I do not believe this concern regarding a “subjective chill” applies here, as
Laird is easily distinguishable.
Laird was a narrow decision, and the Court took pains to cabin its holding to the particular facts of that case, stating, “[O]ur conclusion is a narrow one, namely, that on this record the respondents have not presented a case for resolution by the courts.”
Laird, 408 U.S. at 15, 92 S.Ct. 2318. Most significantly, the plaintiffs in
Laird did not challenge the constitutionality of the statute that they alleged chilled their speech.
Id. at 5, 92 S.Ct. 2318. By contrast, Morrison argues that the school district's 2004–05 anti-harassment policy directly prohibited constitutionally protected speech in violation of the First Amendment. The
Laird Court emphasized that it faced a case in which “the chilling effect ar [o]se merely from the individual's knowledge that a governmental agency was engaged in certain activities or from the individual's concomitant fear that, armed with the fruits of those activities, the agency might in the future take some other and additional action detrimental to that individual.”

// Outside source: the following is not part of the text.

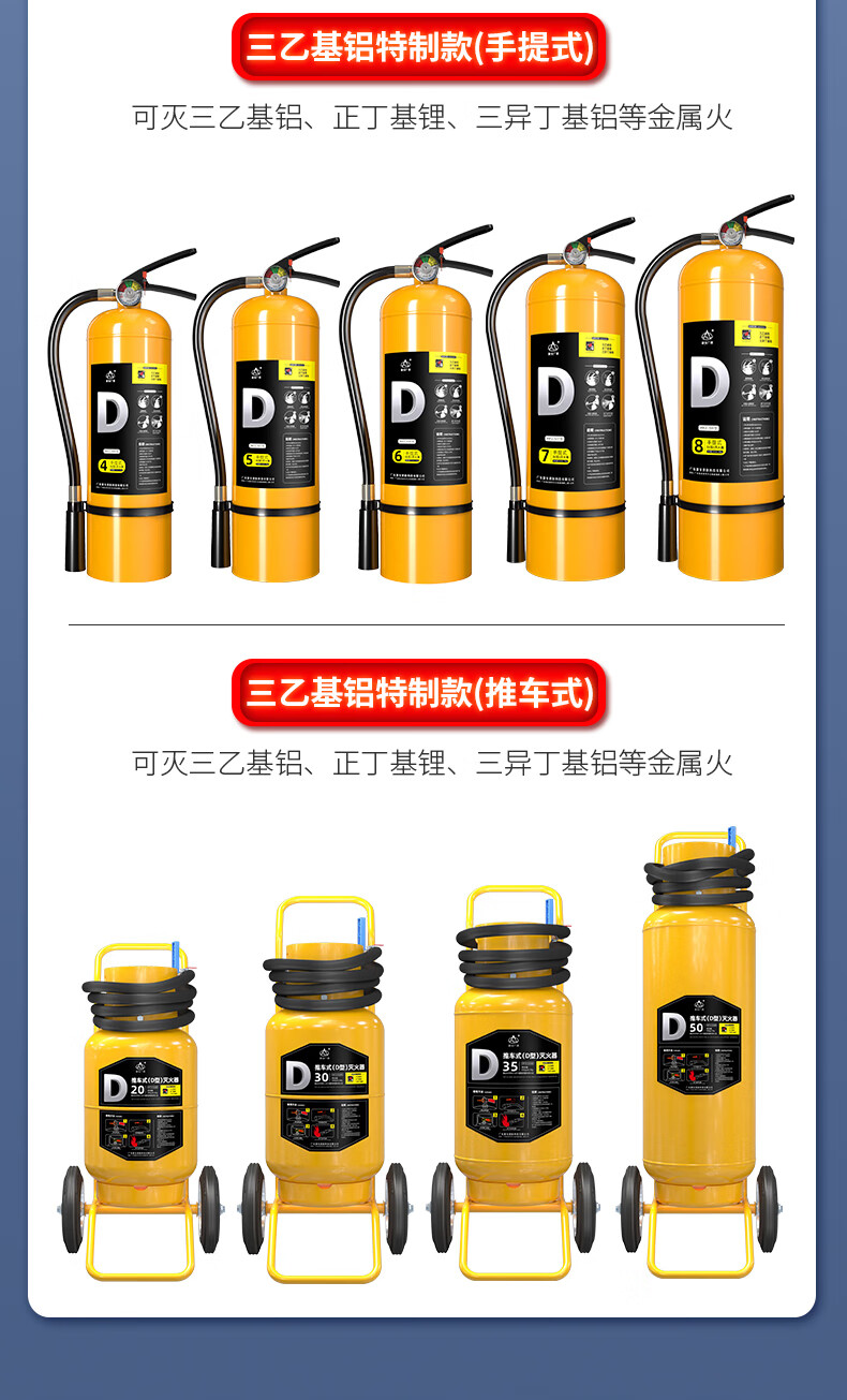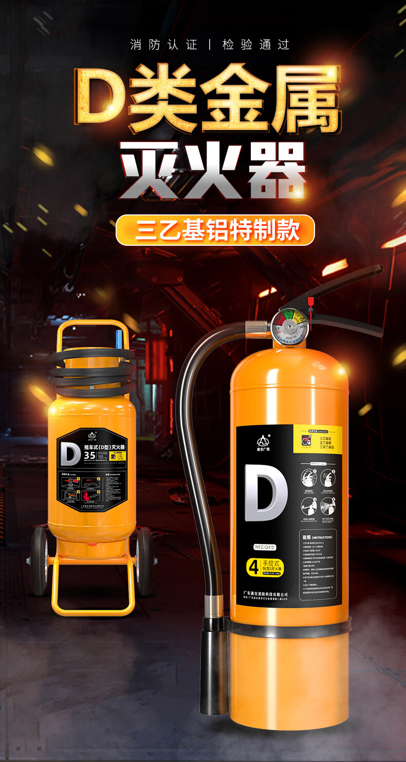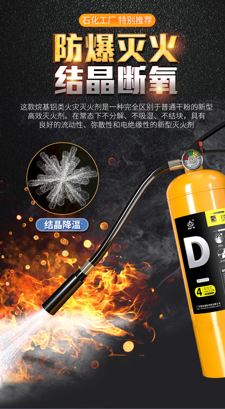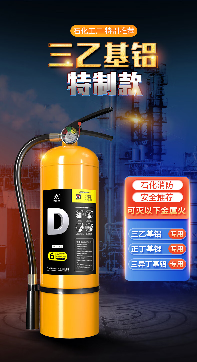 Portable Class D metal fire extinguisher to extinguish metal fires Triethyl aluminum alkyl dry powder fire fighting equipment D-type lithium battery Portable Class D 8kg (metal fire extinguisher)
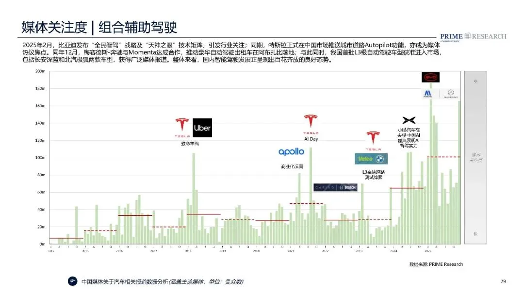 组合辅助驾驶的普及,正在让智能化真正走进普通消费者的用车生活。2023 到 2025 年,自动驾驶相关话题的媒体关注度从 1.1% 涨至 3.0%,是车市热度跃升最明显的领域。行业调研显示,近期汽车市场的核心趋势,集中在 L2 级部分自动驾驶技术的普及与应用。消费者在购车决策中,最为看重的辅助驾驶功能,集中在城市领航辅助与高速辅助驾驶两大方向。头部技术方案商的成熟产品,正在推动辅助驾驶技术快速下探,从高端车型向主流消费市场全面覆盖,让更多普通消费者能够接触并使用到成熟的辅助驾驶功能。

Id. at 11, 92 S.Ct. 2318. To the contrary, in this case (as in a series of other “chilling” cases that the
Laird Court distinguished), “the challenged exercise of governmental power was regulatory, proscriptive, or compulsory in nature, and the plaintiff was either presently or prospectively subject to the regulations, proscriptions or compulsions that he [i]s challenging.”

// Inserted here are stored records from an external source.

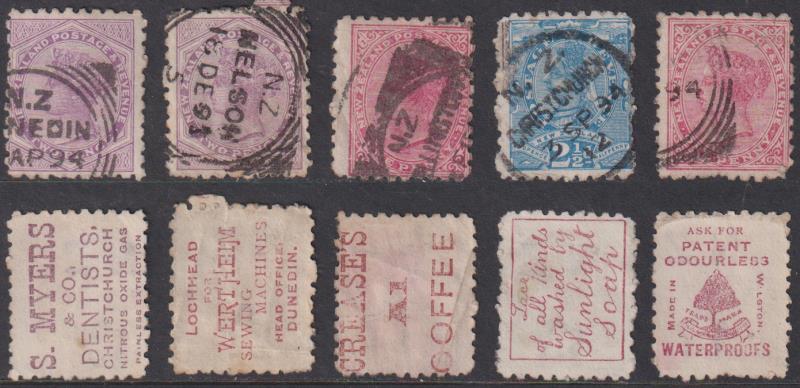 1893 SSF seln of 5 advts: 1d Crease's Coffee & Odourless Waterproofs; 2d Wertheim Sewing Machines & S Myers Dentists; 2½d
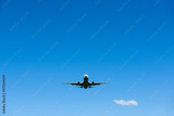 Airplane in the clear blue sky, preparing to landing, front view from the ground
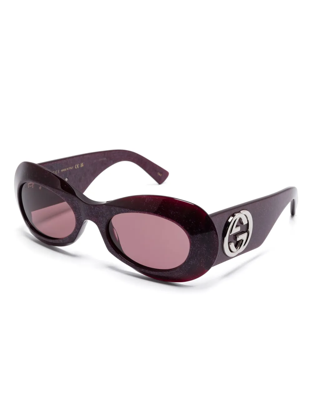 donkerviolet glitterdetail ovaal montuur paarse glazen glazen met UV-bescherming lens sticker kenmerkend GG-logo oversized pootjes gebogen uiteinden Deze bril wordt verkocht met een beschermhoes.
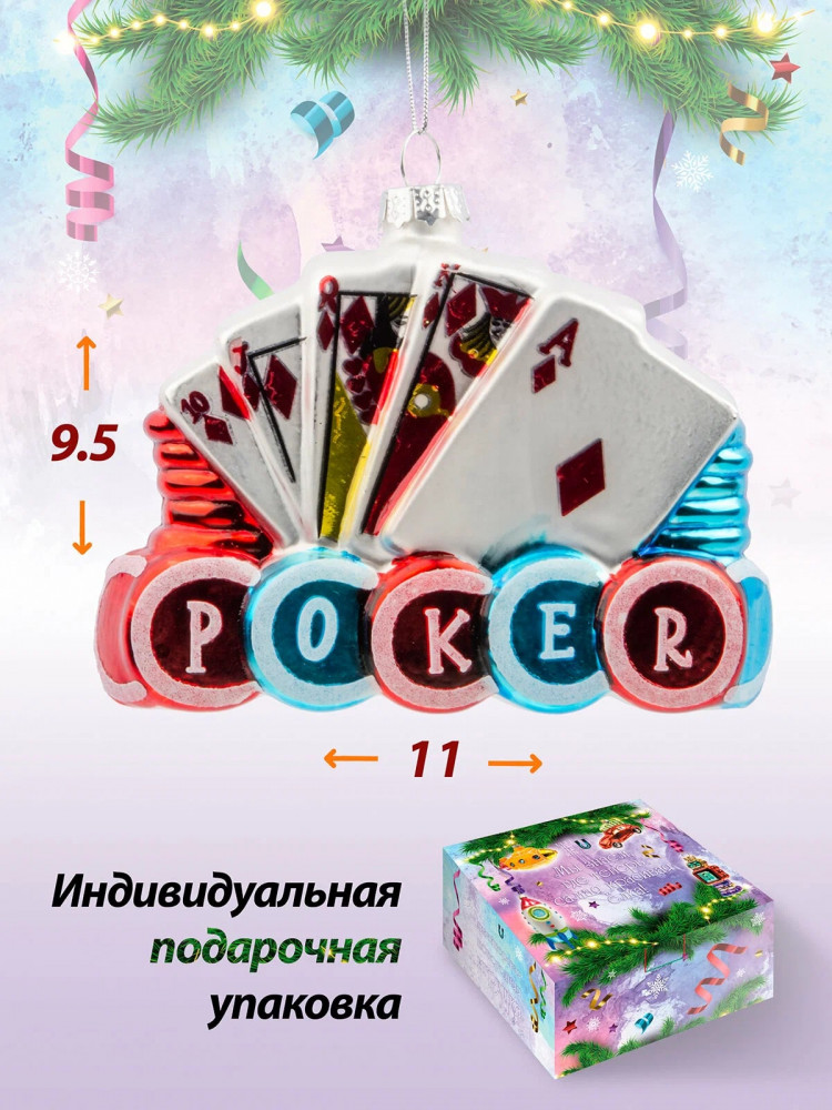 Ultramarin Игрушка ёлочная «Покер»В данный момент этот товар отсутствует в продаже. Возможно, у нас найдется аналогичный или похожий товар здесь. Новогодние игрушки являются неотъемлемой частью праздника, которые создаст атмосферу волшебства и уюта. Одним из самых интересных видов новогодних украшений на елку являются стеклянные фигурные игрушки. Они приносят много радости как детям, так и взрослым. Елочная игрушка стекло в виде игральных карт Флеш-рояль из бубен. У сувенира есть веревочка для подвеса. Игрушка на елку прекрасно украсит символ праздника и порадует гостей насыщенными цветами, красивым мерцанием и узорами. |
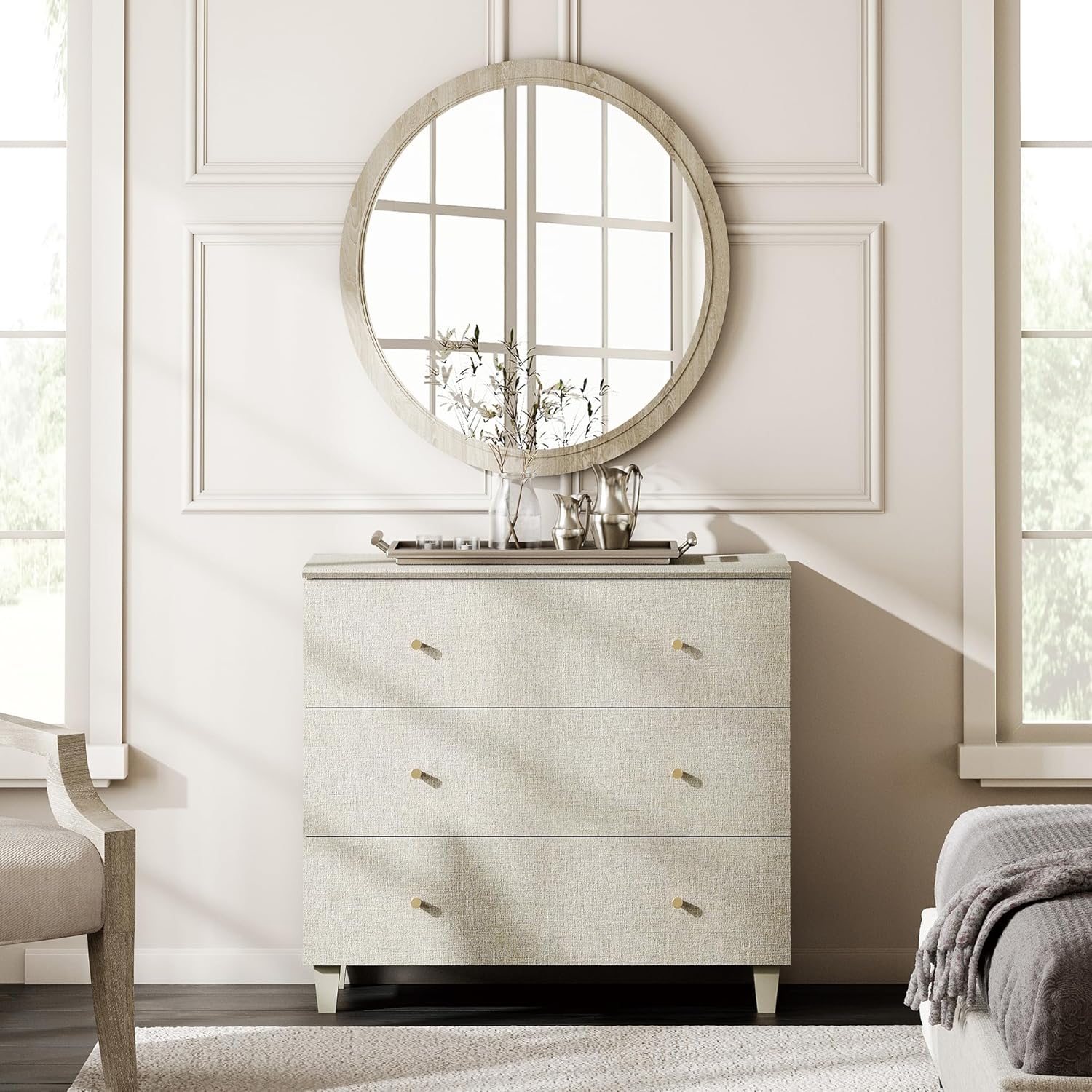 - Modern Stylish Storage Organizing Unit: Wooden chest of drawer with classic gold pull knobs. The beige faux linen-textured finish paired with smooth finish solid legs combines modern elegance to add character and charm to your bedroom, bayby room and living room. It's a simple and striking combination for those who love modern style

Id. at 11, 92 S.Ct. 2318. Unlike the plaintiffs in
Laird, therefore, Morrison does not argue that information-gathering or similar activities have chilled his speech but rather that a regulatory proscription on speech chilled his speech. The majority reads
Laird in a manner more capacious than prior interpretations in order to draw a strained analogy between Morrison's claim and that of the plaintiffs in
Laird. The majority does so without addressing any of my arguments distinguishing
Laird, resulting in an opinion that significantly restricts standing under the First Amendment.